What is needed is an exact repetition of the lines below, from the first one through the one holding "KT猫直营店 2024新款三丽鸥正版授权库洛米牛奶绒单品床笠 可爱玉桂狗-笠", with no pictures and nothing else.

# Material shown
★ ★ ★ ★ ★
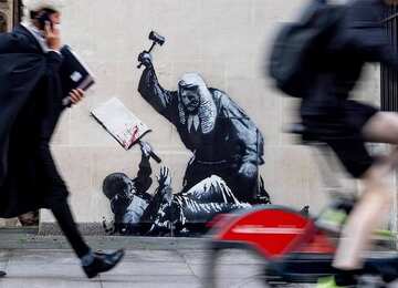 Работа Бэнкси на Королевском суде Лондона будет удалена, возможна идентификация художника и уголовное преследование
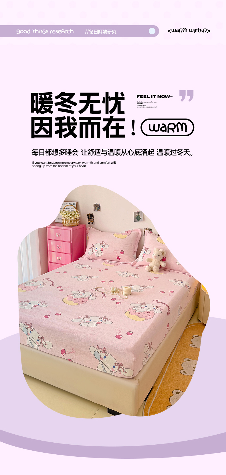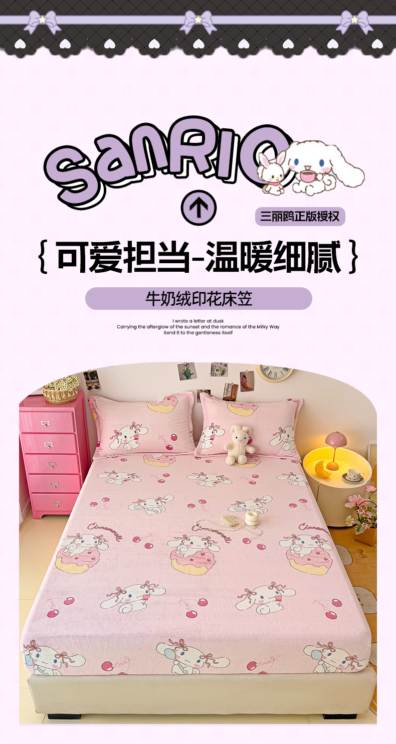 KT猫直营店 2024新款三丽鸥正版授权库洛米牛奶绒单品床笠 可爱玉桂狗-笠
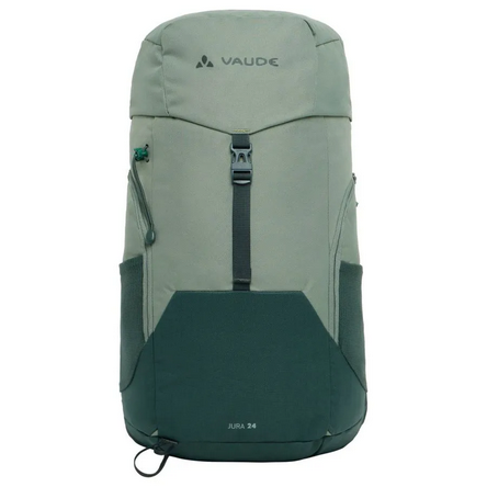 Alles op de juiste plaats: de Jura 24 liter wandelrugzak maakt indruk tijdens dagtochten met zijn opgeruimde uiterlijk en doordachte vakindeling. Het hoofdvak biedt ruimte voor schone kleren, eten en andere uitrusting, terwijl het snel toegankelijke dekselvak met sleutelclip ideaal is voor een muts, handschoenen, hoofdzaklamp of snacks. Naast de twee stretch zijvakken zijn er twee ritsvakken voor een wandelkaart of smartphone. De maximaal geventileerde rug van mesh, de ergonomisch gevormde schouderbanden en de heupgordel zorgen voor een hoog draagcomfort, zelfs tijdens langere wandeltochten. Een compartiment voor een drinkblaas, een houder voor wandelstokken en de geïntegreerde regenhoes maken de kenmerken van de wandelrugzak compleet. Hij is behandeld met Eco Finish PFC-vrij water- en vuilafstotend. Tijdens een dagtocht of voor dagelijks gebruik - de Jura 24 liter wandelrugzak is er voor jou. Het VAUDE Green Shape label staat voor een milieuvriendelijk, functioneel product gemaakt van duurzame materialen.
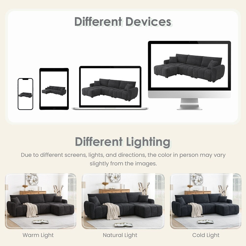 - Quatre éléments modulables : Le canapé est composé de quatre éléments modulables facilement modulables, offrant ainsi une grande flexibilité pour créer différentes configurations d'assise. Son design personnalisable s'adapte à différentes tailles et configurations de pièces, le rendant idéal pour les grands comme pour les petits espaces.
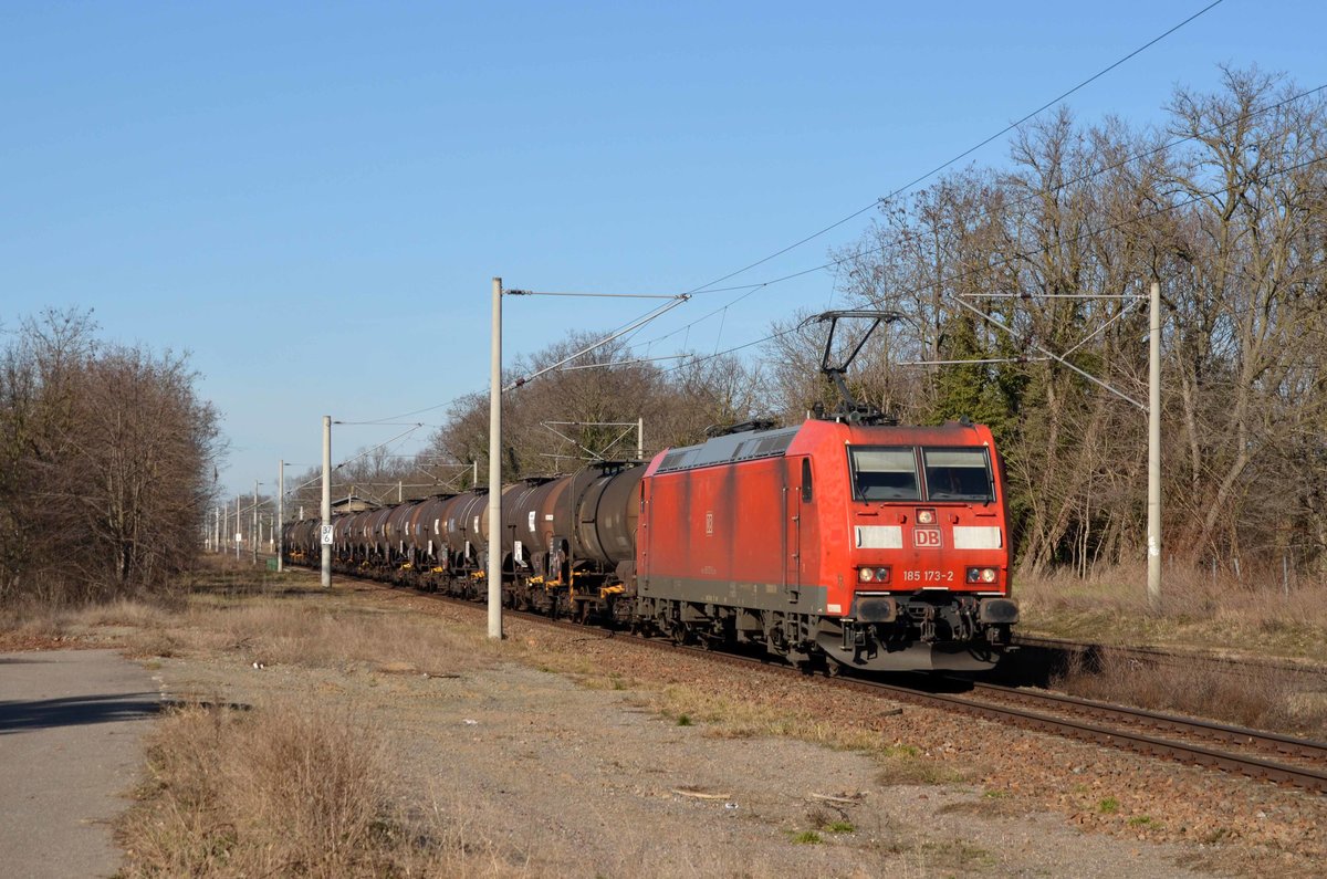 Im Dienste der Infra Leuna schleppte 482 041 am 21.02.21 einen Gaskesselwagenzug durch Raguhn Richtung Bitterfeld. Der Zug kam aus Wittenberg-Piesteritz und hatte Großkorbetha als Ziel.
★ ★ ★ ★ ★
# Answer below
 Работа Бэнкси на Королевском суде Лондона будет удалена, возможна идентификация художника и уголовное преследование
 KT猫直营店 2024新款三丽鸥正版授权库洛米牛奶绒单品床笠 可爱玉桂狗-笠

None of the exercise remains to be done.